* DESCRIPTION OF THE TASK: What should be copied is the stretch of entries below from the line with "Am Abend des" up to and including the line with "Pembe, beyaz, şampanya", exactly and without images.

* GIVEN RECORDS:
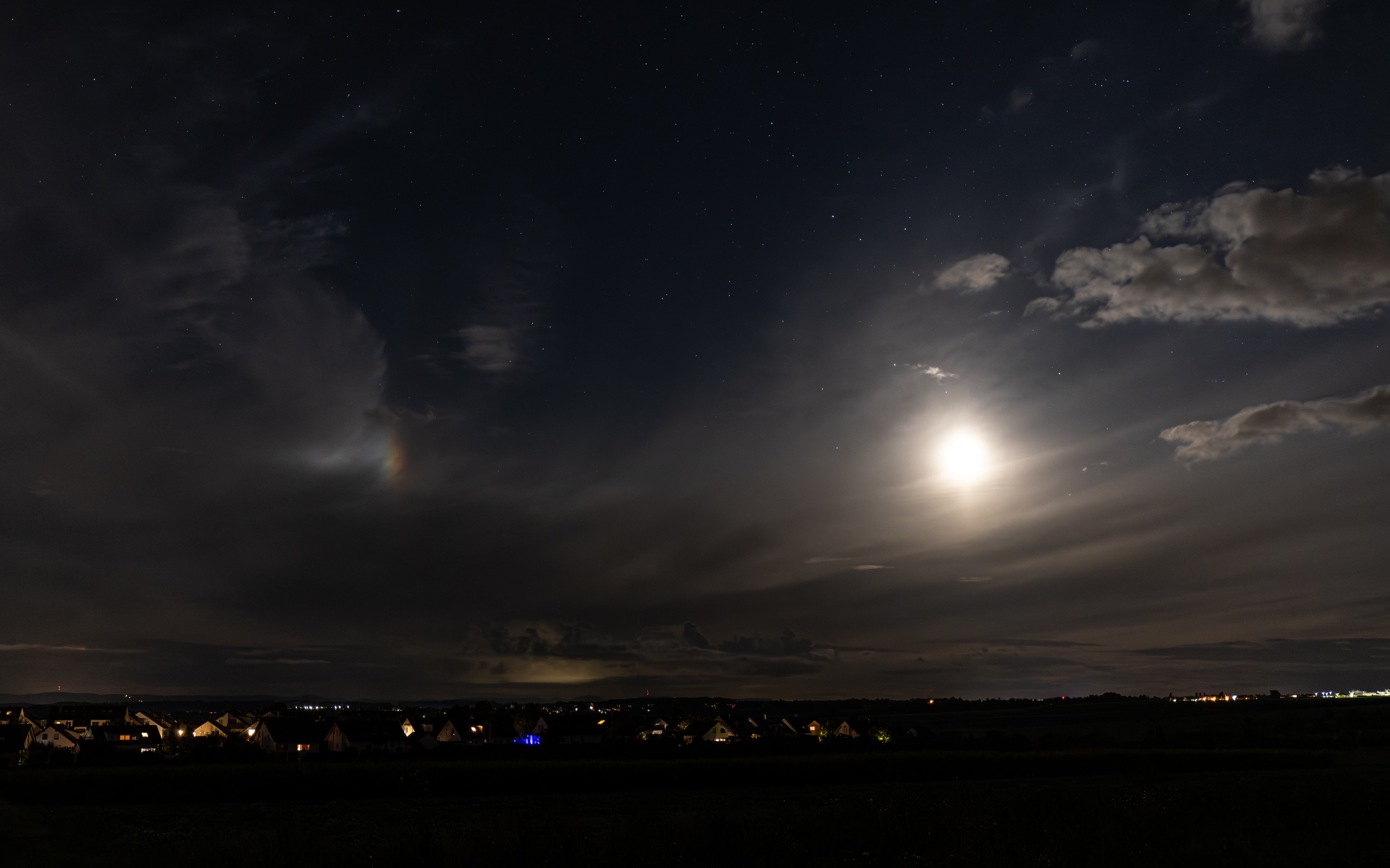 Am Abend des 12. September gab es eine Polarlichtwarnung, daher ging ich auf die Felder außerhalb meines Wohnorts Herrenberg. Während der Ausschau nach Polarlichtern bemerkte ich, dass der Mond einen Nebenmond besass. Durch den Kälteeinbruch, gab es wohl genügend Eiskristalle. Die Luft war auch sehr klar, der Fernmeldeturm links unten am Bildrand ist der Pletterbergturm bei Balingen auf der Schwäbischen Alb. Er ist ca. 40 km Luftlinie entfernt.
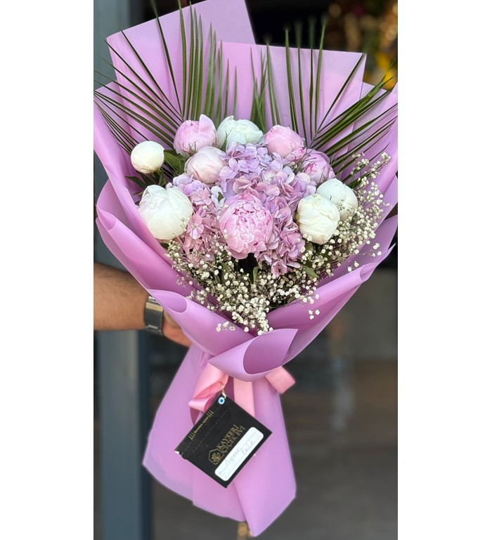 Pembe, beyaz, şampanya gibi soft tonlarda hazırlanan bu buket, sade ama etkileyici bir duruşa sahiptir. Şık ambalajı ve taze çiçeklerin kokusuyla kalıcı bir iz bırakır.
==
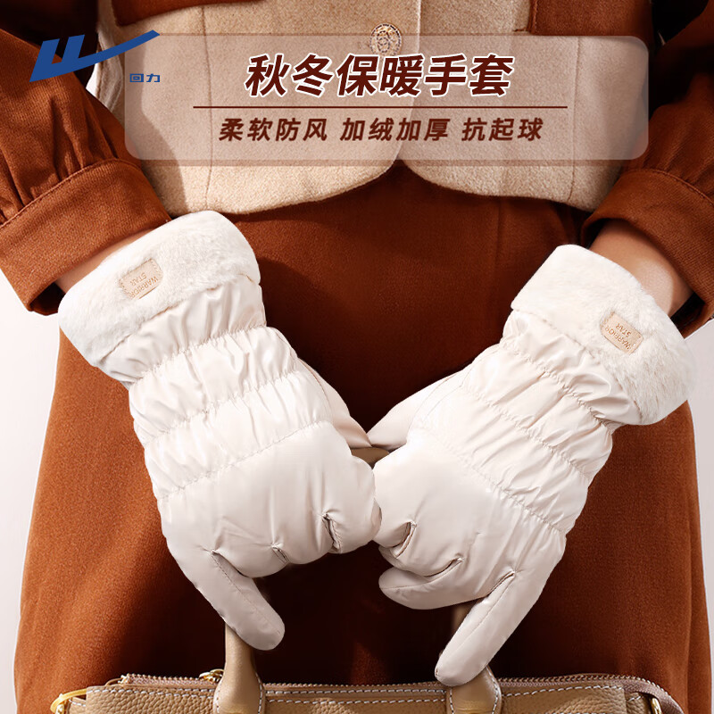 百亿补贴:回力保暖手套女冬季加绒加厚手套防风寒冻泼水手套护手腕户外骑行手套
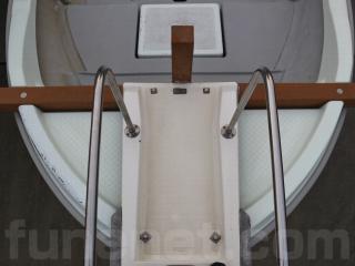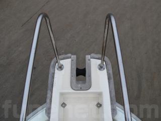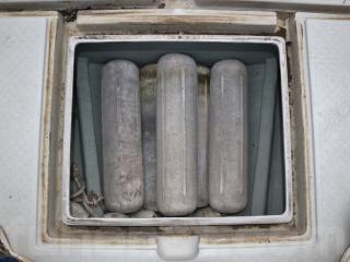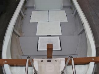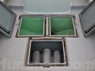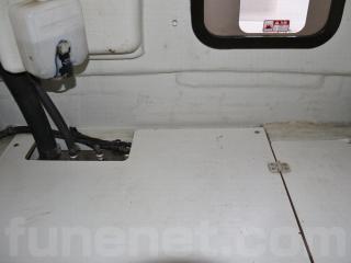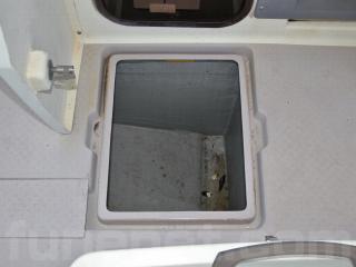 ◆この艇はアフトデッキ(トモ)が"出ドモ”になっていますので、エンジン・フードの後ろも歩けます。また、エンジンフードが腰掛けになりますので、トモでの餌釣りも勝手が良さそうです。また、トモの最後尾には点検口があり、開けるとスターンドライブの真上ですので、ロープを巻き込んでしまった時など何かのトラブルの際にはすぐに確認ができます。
* * *
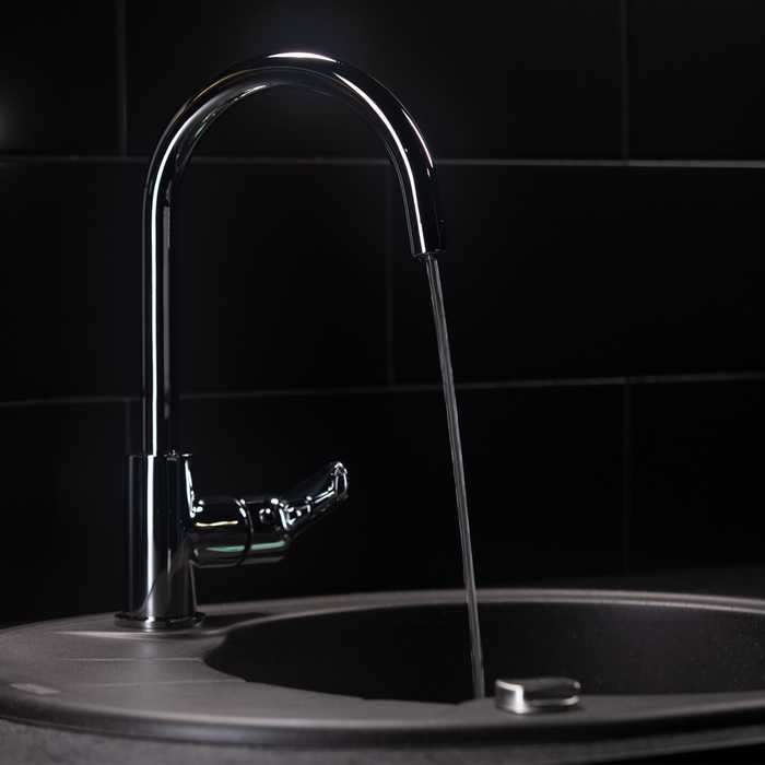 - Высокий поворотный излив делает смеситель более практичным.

* EXERCISE OUTPUT:
 Am Abend des 12. September gab es eine Polarlichtwarnung, daher ging ich auf die Felder außerhalb meines Wohnorts Herrenberg. Während der Ausschau nach Polarlichtern bemerkte ich, dass der Mond einen Nebenmond besass. Durch den Kälteeinbruch, gab es wohl genügend Eiskristalle. Die Luft war auch sehr klar, der Fernmeldeturm links unten am Bildrand ist der Pletterbergturm bei Balingen auf der Schwäbischen Alb. Er ist ca. 40 km Luftlinie entfernt.
 Pembe, beyaz, şampanya gibi soft tonlarda hazırlanan bu buket, sade ama etkileyici bir duruşa sahiptir. Şık ambalajı ve taze çiçeklerin kokusuyla kalıcı bir iz bırakır.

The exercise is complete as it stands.